The PBAC expressed the view that, although the new clinical evidence provided for its consideration was not sufficient to change its previous conclusions, comparing survival curves across treated and untreated cohorts which are otherwise similar in terms of characteristics with known prognostic value would be informative. Identifying patients who would be most likely to gain an extension in their lifespan from treatment may also be informative.
The PBAC also noted that, relevant to criterion B2 for the LSDP, the cost per patient for treating NP-C disease is double that for treating Gaucher disease under the LSDP based on the relevant recommended doses being double in NP-C disease compared with Gaucher disease and an identical cost per pack.

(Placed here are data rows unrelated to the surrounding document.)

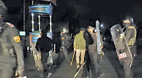 Shillong, Naiwieng 24: Khyndiat por hadien ba ka la don ka jingpyrshang ban wiang ding ïa ka Kali ba kit ïa ki Pulit bad kumjuh ruh ka jingsiat tear Gas ïa ki dkhot Sengbhalang ba pynlong jingïakhih namar ka jingjia ha Mukroh, la ïohi ba ka sorkar ka la sei madan da ki spah ngut ki Pulit SOT kiba la kieng atiar bad pynbiang bha ki tiar ïaleh bad ki tiar jingïada.
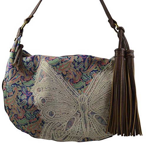 -. Feature : Most designs of Tote-Purse have top zip closure and shoulder strap that are adjustable up to a 25 in drop / Interior is lined with fabric. Multiple designs like butterfly, Moon, Owl, Floral, Elephant in different materials canvas, faux leather & suede finishing! / Made of canvas material or Faux leather and finishing in delicate lace. / Antique gold metal wares / Perfect gift hobo hippy bag to choose your favorite design between elephant, owl, moon, floral, butterflies etc.
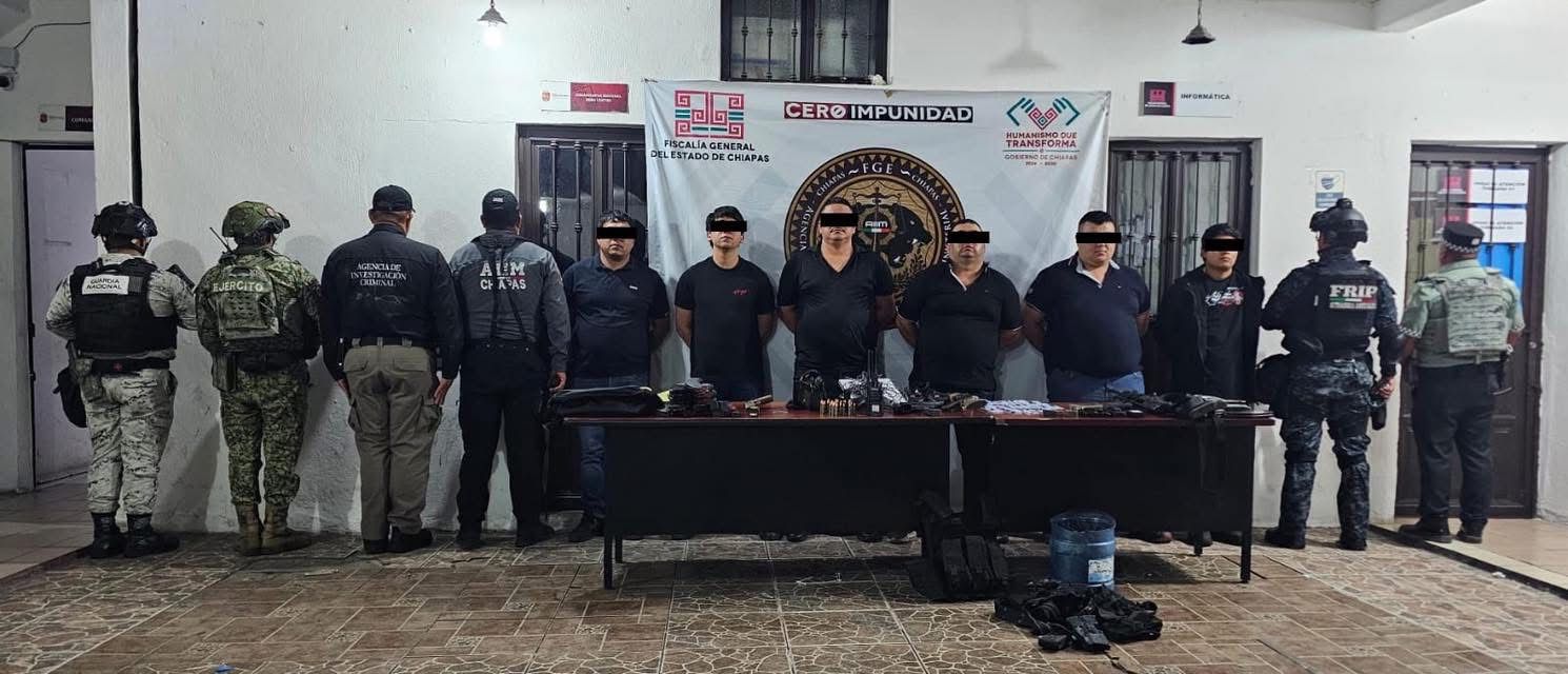 Chiapa de Corzo, Chiapas; 20 de febrero de 2026.- La Secretaría de Seguridad del Pueblo (SSP) a través de la Fuerza de Reacción Inmediata Pakal (FRIP) y la Guardia Estatal Preventiva (GEP) en coordinación con la Agencia de Inteligencia e Investigación Ministerial (AIIM) de la Fiscalía General del Estado (FGE), la Guardia Nacional (GN), Ejército Nacional y la Agencia de Investigación Criminal (AIC) de la Fiscalía General de la República (FGR), da a conocer que derivado de patrullajes preventivos y disuasivos se realizó la detención en flagrancia de seis personas del sexo masculino en el municipio de Chiapa de Corzo.
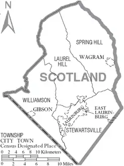 Scotland County comprises the Laurinburg, NC Micropolitan Statistical Area, which is also included in the Fayetteville-Lumberton-Laurinburg, NC Combined Statistical Area.
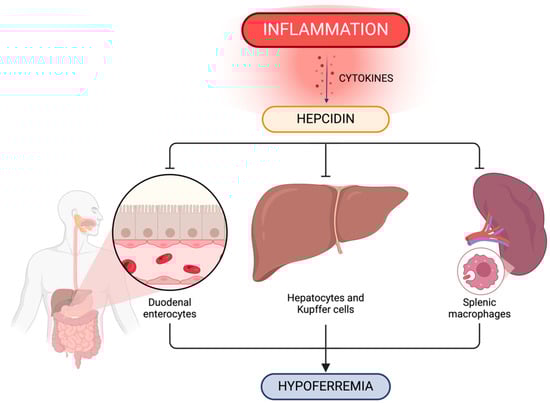 Inflammation impact on the regulation of systemic iron metabolism. Hepcidin plays a crucial role in systemic iron level control via ferroportin concentration in iron-exporting cells including duodenal enterocytes, hepatic and splenic iron-recycling macrophages and hepatocytes. Created with BioRender.com (accessed on 9 March 2024).
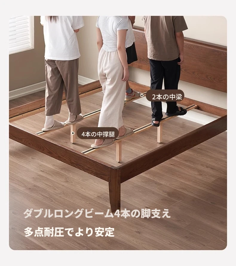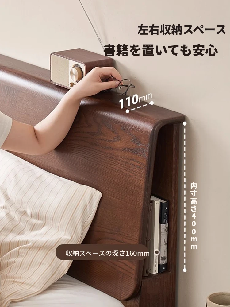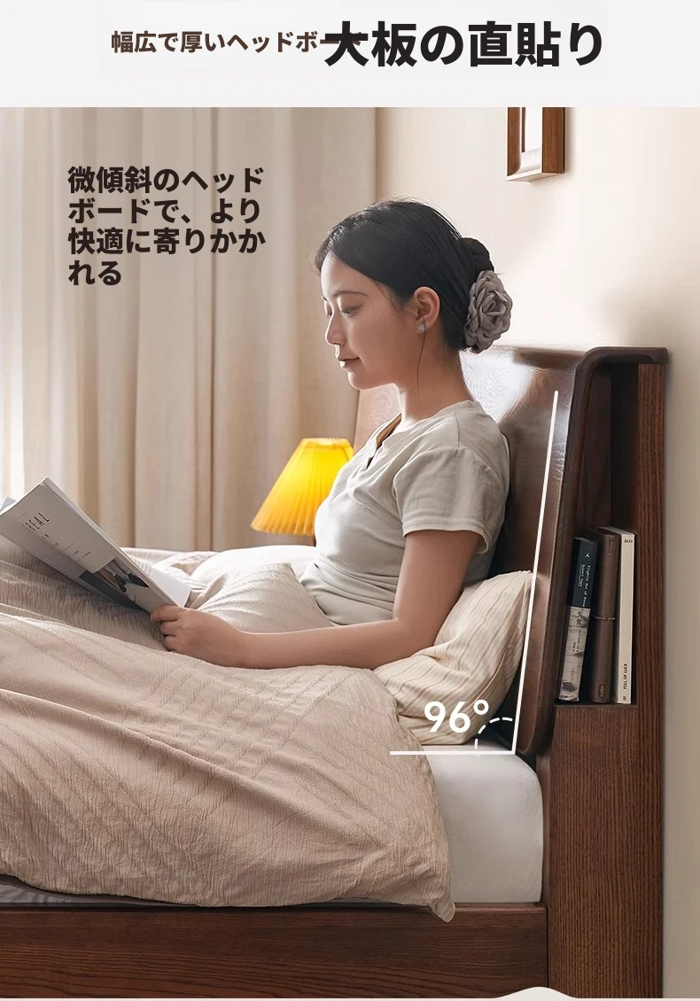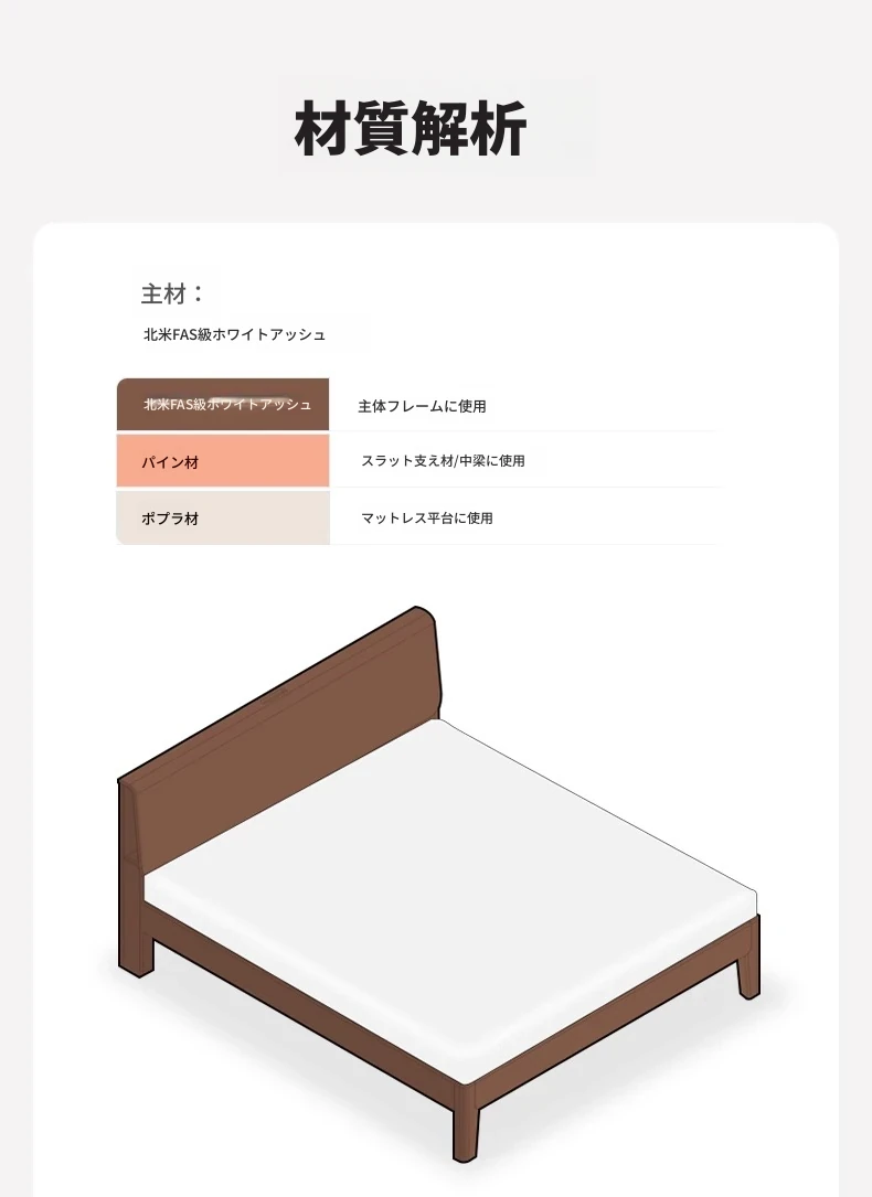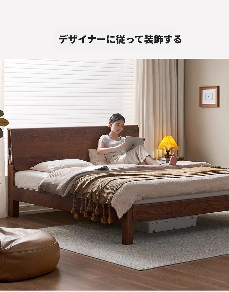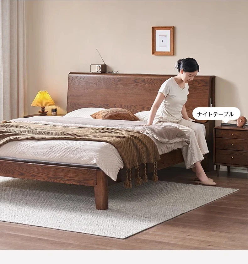無垢材使用!デザイン性抜群のホワイトアッシュとウォールナットの2色展開。北欧スタイルのダブルベッド、コンパクトなお部屋に最適な大板ベッド。おしゃれで快適な睡眠空間をあなたに。
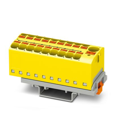 Verteilerblock, Nennspannung: 800 V, Nennstrom: 32 A, Anzahl der Anschlüsse: 19, Anschlussart: Push-in-Anschluss, Bemessungsquerschnitt: 4 mm², Abgriff, Querschnitt: 0,2 mm² - 6 mm², Push-in-Anschluss, Sammelanschluss, Bemessungsquerschnitt: 10 mm², Querschnitt: 0,5 mm² - 10 mm², Montageart: NS 35/7,5, NS 35/15, Farbe: gelb
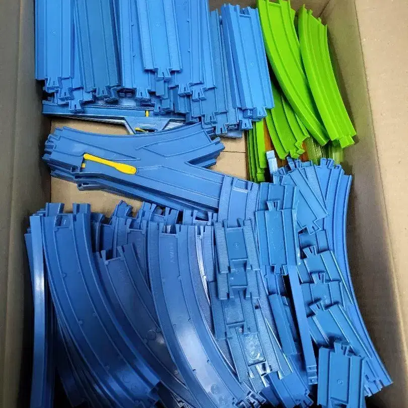다양한 파랑과 녹색의 프라레일 레일 세트, 직선과 커브가 포함되어 있습니다. - 색상: 파랑, 녹색 - 아이템 타입: 프라레일 레일 - 아이템 수: 다수 - 모양: 직선 15, 중 25, 소 18 오렌지, 녹색, 스카이블루(에코 레일) 5 커브 54, 오렌지, 녹색 10 스톱 4  턴 아웃 레일 7 색바램, 씰 자국, 노란색 부분의 왜곡 등 사용감이 있습니다. 이음매에 강한 힘을 가하면 깨질 수 있습니다. 이 점 양해 후 구매하시기 바랍니다. 기타 프라레일 용품도 다수 판매 중입니다. 낱개 판매, 묶음 판매도 가능하므로 상담해 주시기 바랍니다. (일부 불가능한 경우도 있습니다.)
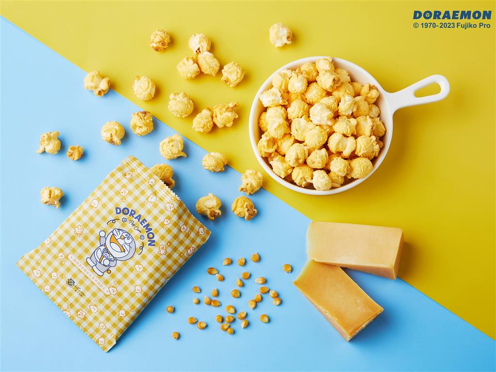 起士公爵與哆啦A夢聯名推出2款爆米花,1甜1鹹完全滿足愛吃爆米花的味蕾。(圖片來源:起士公爵提供)
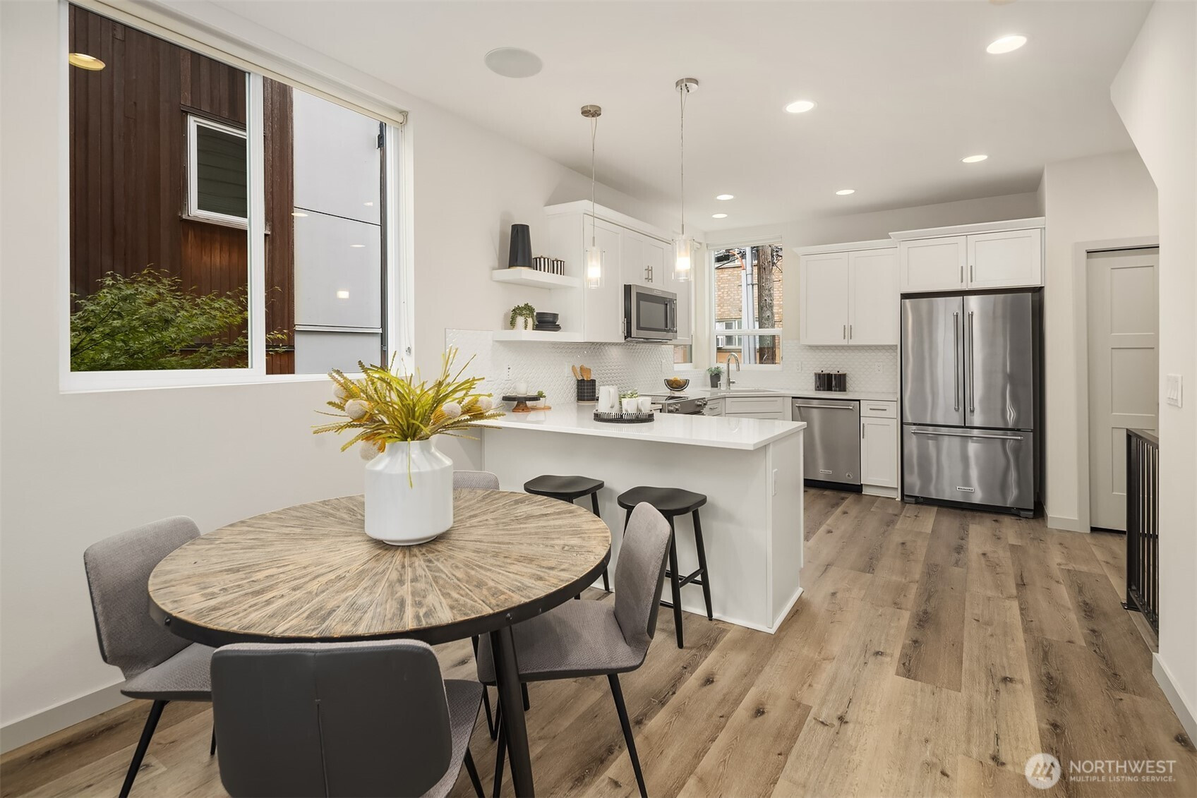 Best location and move in ready! Bright, modern & effortlessly cool 3BR, 2.5BA 4-Star Built Green townhome pairs sustainability with high end finishes and style in a prime neighborhood. Oversized windows fill the open living spaces & sleek bright kitchen with natural light; abundant storage, eating island, pantry and KitchenAid appliances make entertaining easy. The top-floor primary ensuite offers a spa-like bath, two closets, full size W/D + private terrace. Two additional main floor bedrooms flex for guests, roommates, work-from-home. Enjoy year-round comfort with mini splits (heating/cooling), off-street parking & unbeatable access to UW, transit, parks & amenities. Like-new 2020 construction, freshly painted, ready to enjoy! No HOA.

The PBAC also acknowledged and noted the consumer comments on this item.
13. Context for Decision
The PBAC helps decide whether and, if so, how medicines should be
subsidised in Australia. It considers submissions in this context.
A PBAC decision not to recommend listing or not to recommend
changing a listing does not represent a final PBAC view about the
merits of the medicine. A company can resubmit to the PBAC or seek
independent review of the PBAC decision.
14. Sponsor’s Comment
Actelion acknowledges the difficulties in meeting the LSDP criteria in a very rare condition such as Niemann-Pick Disease Type C. Actelion remains committed to working with the PBAC and LSDP to ensure that patients with Niemann-Pick Disease Type C have funded access to treatment.